**WHAT THE TASK ASKS**
Nothing but the lines below from the one with "Late at night, when" through the one with "초등 과학 원리 중 에너지" should be output, each exactly as given, and no pictures.

*** MATERIALS PROVIDED ***

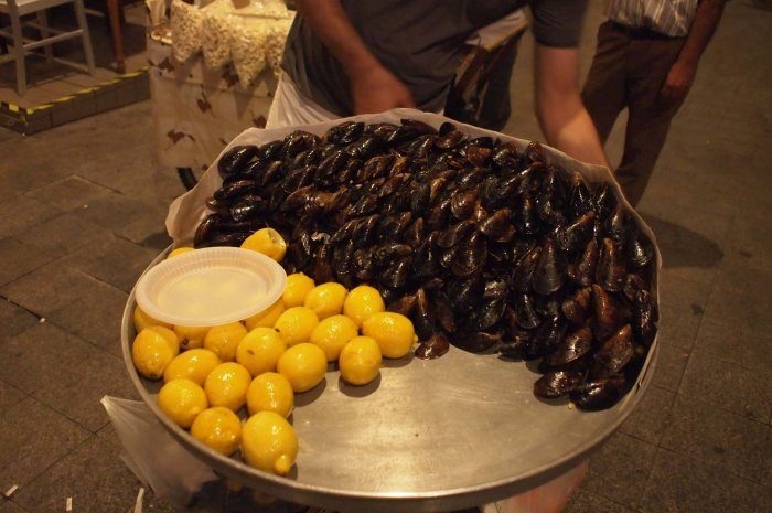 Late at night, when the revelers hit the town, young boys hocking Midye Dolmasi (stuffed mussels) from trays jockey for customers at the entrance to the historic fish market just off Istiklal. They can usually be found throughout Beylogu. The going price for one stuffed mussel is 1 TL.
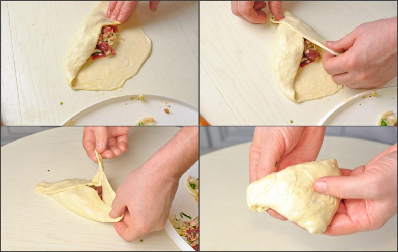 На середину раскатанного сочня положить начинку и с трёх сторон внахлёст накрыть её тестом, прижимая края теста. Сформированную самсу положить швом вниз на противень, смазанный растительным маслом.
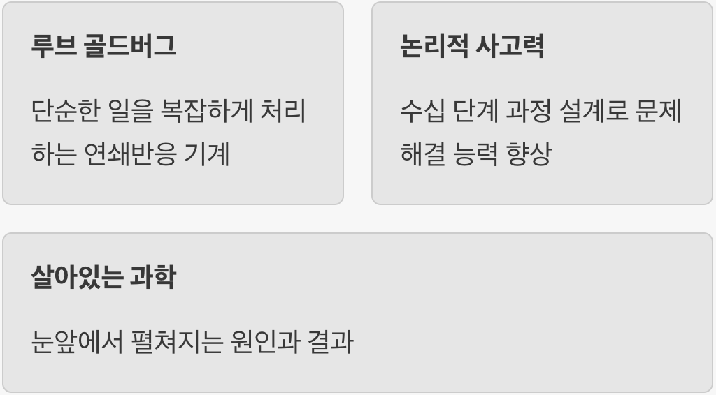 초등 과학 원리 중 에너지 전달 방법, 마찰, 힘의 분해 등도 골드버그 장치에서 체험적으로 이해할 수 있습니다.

*** End of MATERIALS PROVIDED ***
*** MATERIALS PROVIDED ***

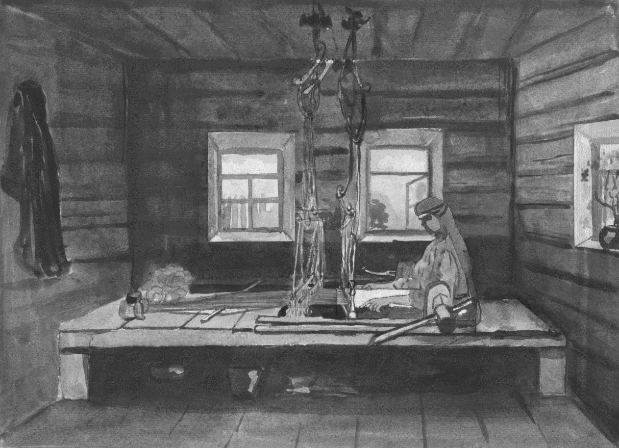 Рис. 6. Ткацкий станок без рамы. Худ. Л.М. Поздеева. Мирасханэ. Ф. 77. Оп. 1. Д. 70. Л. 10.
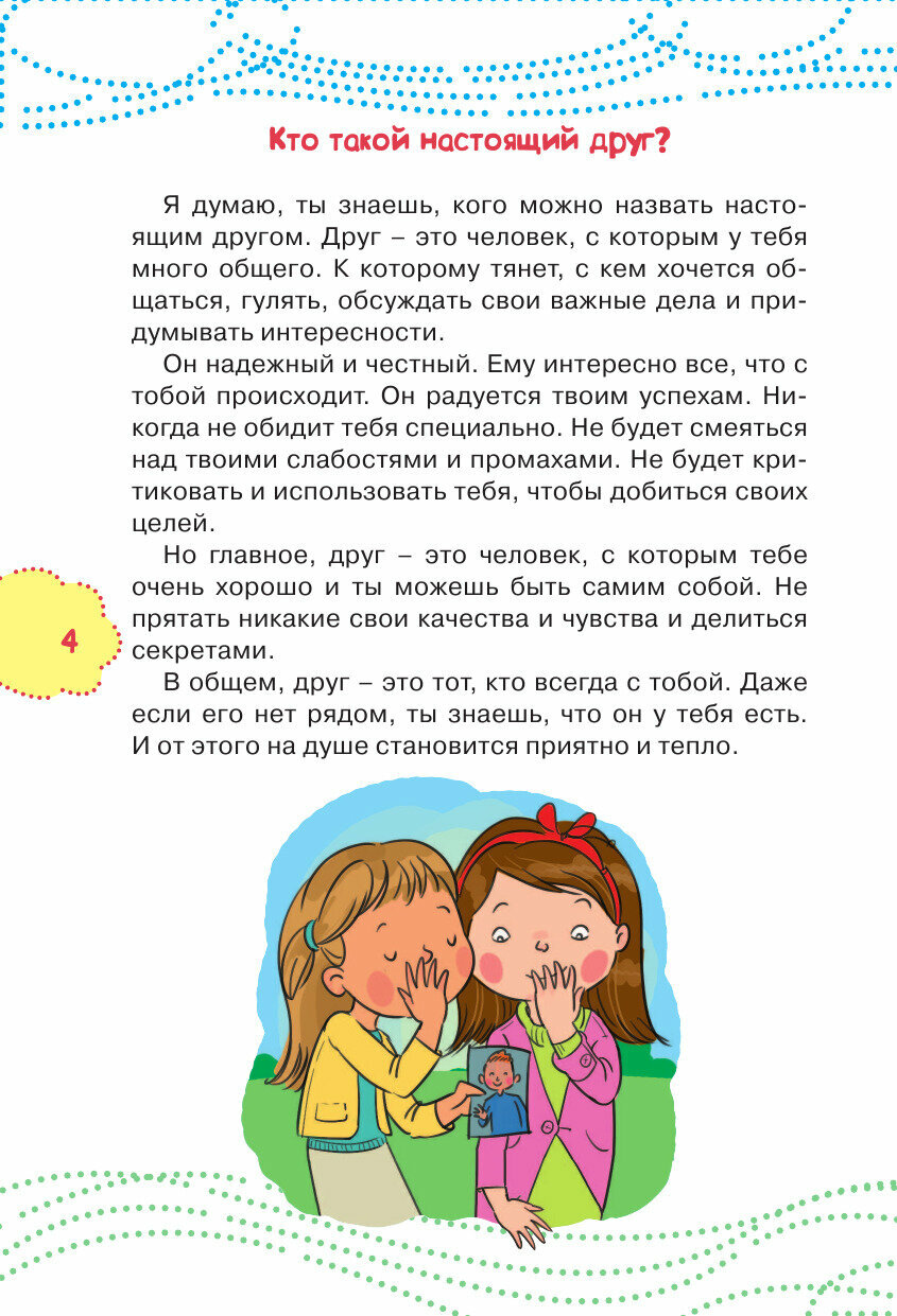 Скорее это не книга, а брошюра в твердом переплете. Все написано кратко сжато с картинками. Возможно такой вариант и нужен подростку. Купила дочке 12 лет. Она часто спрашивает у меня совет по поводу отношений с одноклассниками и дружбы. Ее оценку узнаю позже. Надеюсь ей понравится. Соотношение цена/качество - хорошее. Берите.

*** End of MATERIALS PROVIDED ***

**RESPONSE BELOW**
 Late at night, when the revelers hit the town, young boys hocking Midye Dolmasi (stuffed mussels) from trays jockey for customers at the entrance to the historic fish market just off Istiklal. They can usually be found throughout Beylogu. The going price for one stuffed mussel is 1 TL.
 На середину раскатанного сочня положить начинку и с трёх сторон внахлёст накрыть её тестом, прижимая края теста. Сформированную самсу положить швом вниз на противень, смазанный растительным маслом.
 초등 과학 원리 중 에너지 전달 방법, 마찰, 힘의 분해 등도 골드버그 장치에서 체험적으로 이해할 수 있습니다.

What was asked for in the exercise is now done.